Supplied data —
· · · ·

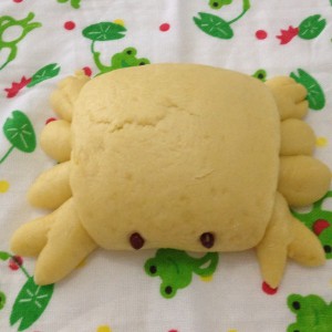 3、面团再次揉匀排气分成8到10个剂子取一剂子擀成牛舌状,再取一剂子分成四份揉成同样的长条,把长条摆放在牛舌状的面片上,面片对折翻过摆出造型剪出蟹钳和蟹脚两粒红豆摁在前端做眼睛,螃蟹就做成了。
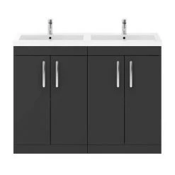 The Bayswater Stiffkey Blue 1200mm 4 Door Vanity Unit and Grey Marble Double Bowl Basin Top will create a unique centre piece to any classic themed bathroom. It’s ample storage space provides plenty of room for bathroom essentials while the soft close doors limits the daily wear and tear and provides a quieter closing action. Made from high quality materials, it features side panelling for a classic look, elegant chrome knobs and a Bayswater logo plate that beautifully finishes the unit. The stunning grey marble top basin co-ordinates beautifully with the classic white china basin.
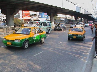 Outro meio acessível são os táxis. Pode chamar um taxi diretamente do hotel ou facilmente encontrará na rua. Geralmente os preços são fixos, mas confirme antes de entrar. Pode encontrar táxis com a palavra “taxi-meter” no tejadilho do carro. Esses serão mais baratos e o preço dependerá do percurso realizado, bem como da duração do mesmo. O condutor terá de ativar esse letreiro quando entrar no táxi, caso contrário poderá abandonar o mesmo. Além disso, certifique-se que o contador está no valor base antes do táxi iniciar a viagem. Não dê ouvidos a promoções especiais e não aceite ir para qualquer local ou loja de seda que lhe proponham. Um trajeto curto pode rondar 50 a 80 THB.

· · · ·

Work required — Only one thing is wanted here, an exact copy of the lines from the first line above through the line containing "The Bayswater Stiffkey", minus any picture.

Answer below —
 3、面团再次揉匀排气分成8到10个剂子取一剂子擀成牛舌状,再取一剂子分成四份揉成同样的长条,把长条摆放在牛舌状的面片上,面片对折翻过摆出造型剪出蟹钳和蟹脚两粒红豆摁在前端做眼睛,螃蟹就做成了。
 The Bayswater Stiffkey Blue 1200mm 4 Door Vanity Unit and Grey Marble Double Bowl Basin Top will create a unique centre piece to any classic themed bathroom. It’s ample storage space provides plenty of room for bathroom essentials while the soft close doors limits the daily wear and tear and provides a quieter closing action. Made from high quality materials, it features side panelling for a classic look, elegant chrome knobs and a Bayswater logo plate that beautifully finishes the unit. The stunning grey marble top basin co-ordinates beautifully with the classic white china basin.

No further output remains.